Sometime around 1:30 AM, now June 27, Read’s Confederates used two small boats to row up alongside, jump aboard the Caleb Cushing and, before any of the cutter’s crew really knew what was going on, captured it. Lieutenant Davenport, sleepily roused from his bed, had a brace of pistols aimed at his head and his old classmate Read snarled, “Keep quiet and we will not harm you. Make a noise and you are a dead man! You are a prisoner of the Confederate States of America.” Then, apparently recognizing Davenport, Read insulted, “You ought to be ashamed of yourself for deserting the South.”
Taking possession of the Caleb Cushing was the easy part; now the Confederates needed to get the cutter away from the dock and sail it out of the harbor without arousing suspicion. Finally releasing the cable docking the Caleb Cushing, the Confederates then had to deal with light winds and a low tide. Read was forced to utilize his two small row boats in order to tow the Caleb Cushing out of the harbor. 
By 10 AM the rebels and their stolen ship were only twenty miles out of Portland’s inner bay. At that time, in the distance, Read could see ships approaching, and while the Caleb Cushing was at the mercy of the light wind with its sails, the Confederate lieutenant saw smoke pumping furiously from the oncoming ships’ stacks. It did not take long for Read long to realize that they were Federal ships, hastily in pursuit. The morning of June 27, as Read’s men and their captured prize fought against the light wind, Portland’s Custom Collector, Jedediah Jewett, was alerted that the Caleb Cushing was gone around 8 AM. Hearing of the incident Jewett initially thought that Lieutenant Davenport, the Georgian-native, had decided to switch sides in a dramatic way.

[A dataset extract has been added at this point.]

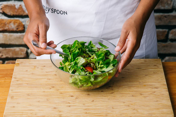 Den Salat erst kurz vor dem Servieren mit abgekühlten Linsen, Tomaten, Karotten und Dressing mischen. Den Käse mit dem Feigenchutney garniert servieren und Salat dazu reichen.

Jewett acted quickly and sent out two messengers. One messenger made his way across the harbor to Fort Preble, currently headquarters to the 17th United States Infantry under the command of Major George L. Andrews. Though Andrews and the 17th U.S. were stationed in Maine for the time being, they had seen their fair share of action. Just under two months before, in some of the opening shots of the Battle of Chancellorsville, Andrews’ men had deployed to protect the Federal army’s advance down the Orange Plank Road. The Regulars’ brigade commander wrote, “I desire to mention by name… Maj. George L. Andrews, Seventeenth Infantry, for the skillful manner with which he covered the advance with his line of skirmishers.” Being posted to Maine many of the Regulars may have presumed they were leaving the combat zone, but war had found them again.
Getting word of the Caleb Cushing’s capture, Andrews delegated the Regulars’ response to Captain Nathaniel Prime. Prime and his subordinates, along with some 30 Regulars, picked up their rifles and made their way aboard the Forest City, which was currently gathering steam. As the Forest City prepared to make way, Andrews also ordered that a 6- and 12-pounder be lashed aboard, transforming the side-wheeler into an ad-hoc gunboat.
While Jewett’s first messenger made his way to Fort Preble with all that entailed, the second courier raced to Camp Lincoln, the bivouac for four companies of the 7th Maine Infantry. Located along the Fore River, in what would later become the city of South Portland, the detachment of the 7th was on recruiting duty, while the majority of the regiment was just days away from engaging at Gettysburg. In charge of the Maine volunteers was Colonel Edwin Mason and just like his Regular counterpart Andrews, Mason reacted with haste to Jewett’s plea for help.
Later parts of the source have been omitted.